Magnetic field at the centre of the hydrogen atom due to motion of electron in \(\mathrm{n}^{\text {th }}\) orbit is proportional to

The radius of the \(\mathrm{n}^{\text {th }}\) Bohr orbit is, \(r_n \propto n^2\).
The angular velocity of the electron, \(\omega_n \propto \frac{1}{n^3}\)
Also, current \(I_n=\frac{q}{T_n}=\frac{q \omega_n}{2 \pi}\)

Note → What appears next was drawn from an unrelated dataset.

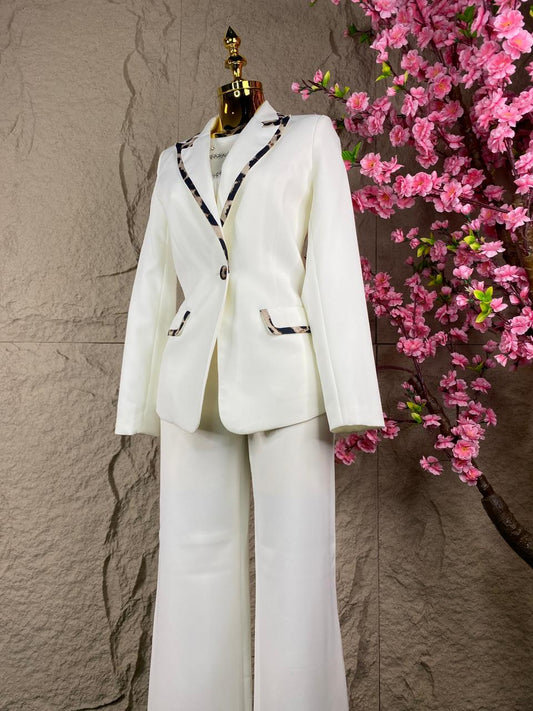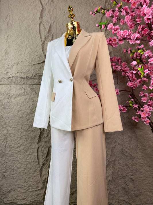 CONJUNTO SACO/PANTALON BEIGE/BLANCO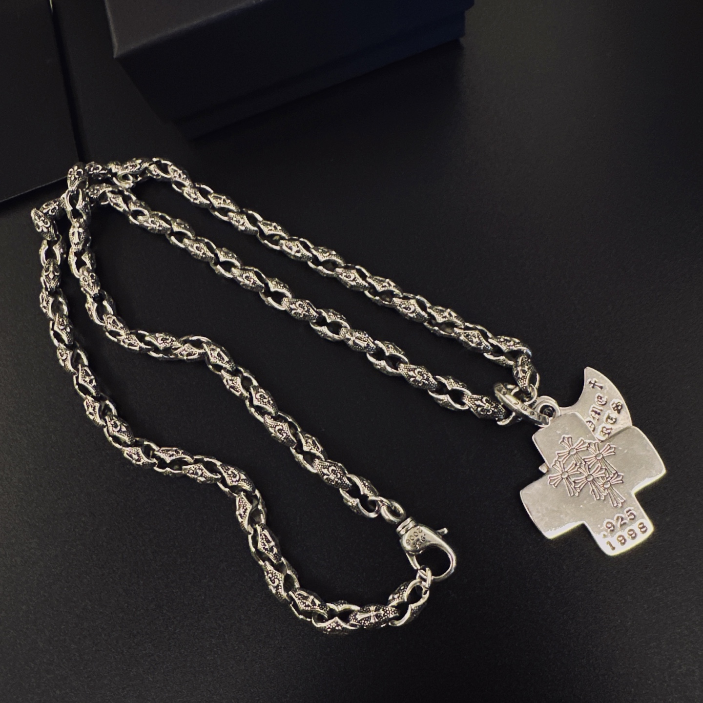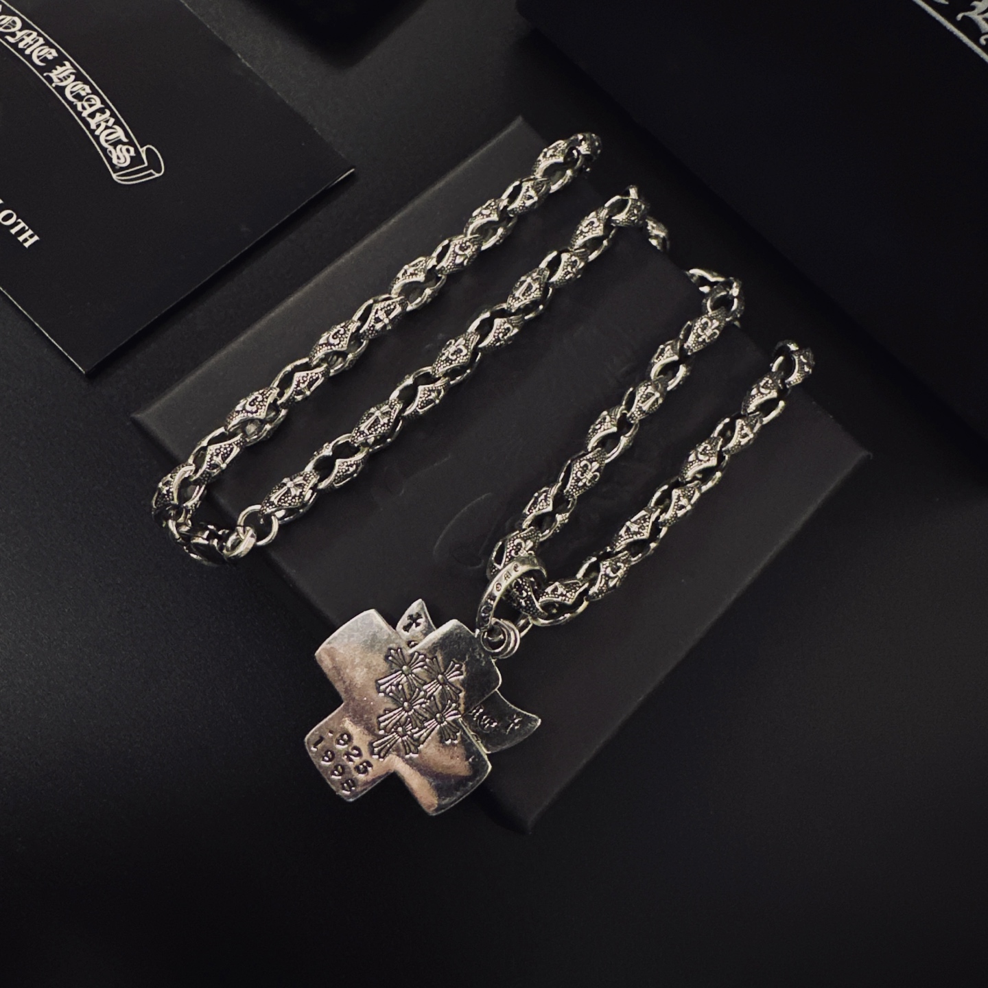 This jewelry is AAAAA 1:1 quality (superb). Materials used are identical to the original ones. Chrome Hearts trademark marks are indistinguishable to the authentic. Photos take by actual jewelry, what you receive will be 100% same with our photos.

\( \begin{array}{ll} \therefore & \mathrm{I}_{\mathrm{n}} \propto \omega_{\mathrm{n}} \propto \frac{1}{\mathrm{n}^3} \\ & \text { Now, } \mathrm{B}_{\mathrm{n}}=\frac{\mu_0 \mathrm{I}_{\mathrm{n}}}{2 \mathrm{r}_{\mathrm{n}}} \\ \therefore & \mathrm{B}_{\mathrm{n}} \propto \frac{1}{\mathrm{n}^3} \times \frac{1}{\mathrm{n}^2} \\ \therefore & \mathrm{B}_{\mathrm{n}} \propto \frac{1}{\mathrm{n}^5} \end{array} \)